96

What is the difference between a byte array & byte buffer ?
Also, in what situations should one be preferred over the other?

[my usecase is for a web application being developed in java].

3 Answers 3

107

There are actually a number of ways to work with bytes. And I agree that it's not always easy to pick the best one:

  • the byte[]
  • the java.nio.ByteBuffer
  • the java.io.ByteArrayOutputStream (in combination with other streams)
  • the java.util.BitSet

The byte[] is just a primitive array, just containing the raw data. So, it does not have convenient methods for building or manipulating the content.

A ByteBuffer is more like a builder. It creates a byte[]. Unlike arrays, it has more convenient helper methods. (e.g. the append(byte) method). It's not that straightforward in terms of usage. (Most tutorials are way too complicated or of poor quality, but this one will get you somewhere. Take it one step further? then read about the many pitfalls.)

You could be tempted to say that a ByteBuffer does to byte[], what a StringBuilder does for String. But there is a specific difference/shortcoming of the ByteBuffer class. Although it may appear that a bytebuffer resizes automatically while you add elements, the ByteBuffer actually has a fixed capacity. When you instantiate it, you already have to specify the maximum size of the buffer.

That's one of the reasons, why I often prefer to use the ByteArrayOutputStream because it automatically resizes, just like an ArrayList does. (It has a toByteArray() method). Sometimes it's practical, to wrap it in a DataOutputStream. The advantage is that you will have some additional convenience calls, (e.g. writeShort(int) if you need to write 2 bytes.)

BitSet comes in handy when you want to perform bit-level operations. You can get/set individual bits, and it has logical operator methods like xor(). (The toByteArray() method was only introduced in java 7.)

Of course depending on your needs you can combine all of them to build your byte[].

Sign up to request clarification or add additional context in comments.

9 Comments

your answer is very helpful
It is categorically wrong to say ByteBuffer to byte[] is like StringBuilder to String. No it is not. ByteBuffer to byte[] is more like FancyString to String.

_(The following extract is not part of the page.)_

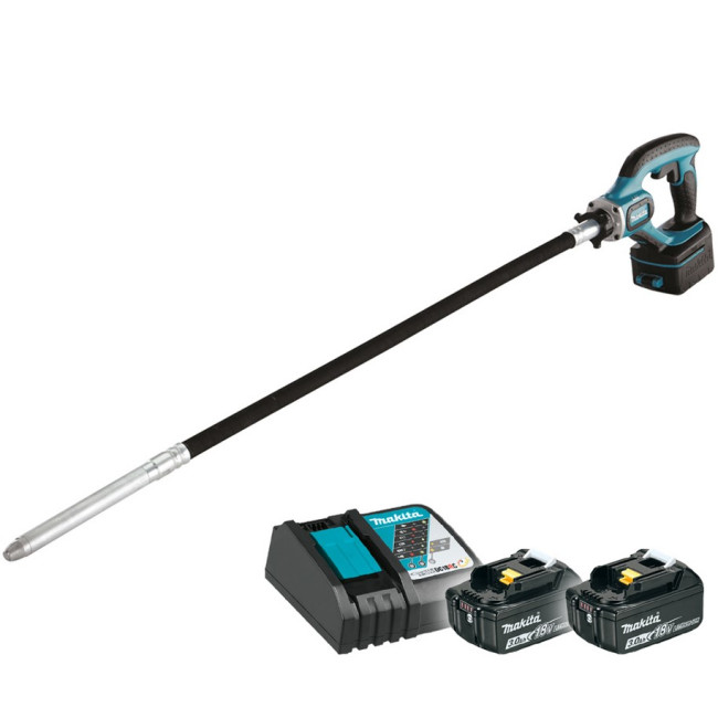 Аккумуляторный вибратор для бетона Makita DVR450RFE представляет собой специализированное оборудование для строительных площадок. Модель применяется в процессе заливки фундамента и прочих бетонных сооружений. Высокая частота вибрации позволяет эффективно удалять образовавшиеся полости и воздушные пузыри в свежем бетоне. Длинная подвижная часть агрегата позволяет работать на глубине до 1200 мм. В комплект поставки входят два аккумуляторных блока емкостью 3 Ач.

It does NOT have the builder capability StringBuilder offer. As you mentioned, it is fixed-size and no way to grow it. The true reasons for why we need ByteBuffer are two fold: 1) Direct memory access. This means when used in direct mode, ByteBuffer can bypass the JVM garbage collection, and the memory used by ByteBuffer is completely outside the JVM memory pool. 2) Interfacing, as byte[] is primitive and cannot be used in OO way.
@jzl106 I was a bit reluctant to answer to your remark, because there is a maximum length to comments. Your remark does touch a lot of aspects at once. Which makes it hard to answer all of them at once. And it also rephrases some of the things I said, leaving out important details, and taking them out of context.
@jzl106 (part 2): No, I never said that ByteBuffer IS a builder by the strict definition of what a builder is. I just said that it is LIKE a builder. There are some similarities to what a builder is and how it can be used. e.g. The way you can chain methods together, is typical for a builder. Typically that series ends with a flip() which resembles how people would chain together function and then call a build().
@jzl106 (part 3): I did NOT say that ByteBuffer is like a StringBuilder. In fact, I said the opposite. But I guess for you it is just not clear why I compared it with StringBuilder at all. Let me explain: Before StringBuilder, people would add strings together with + operator, which resulted in many array copying. Similarly you can't add 2 byte[] together without copying them. And some people would be TEMPTED to think that a ByteBuffer is the ultimate solution. But it is NOT, for the reasons which I explained.
|
28

ByteBuffer is part of the new IO package (nio) that was developed for fast throughput of file-based data. Specifically, Apache is a very fast web server (written in C) because it reads bytes from disk and puts them on the network directly, without shuffling them through various buffers. It does this through memory-mapped files, which early versions of Java did not have. With the advent of nio, it became possible to write a web server in java that is as fast as Apache. When you want very fast file-to-network throughput, then you want to use memory mapped files and ByteBuffer.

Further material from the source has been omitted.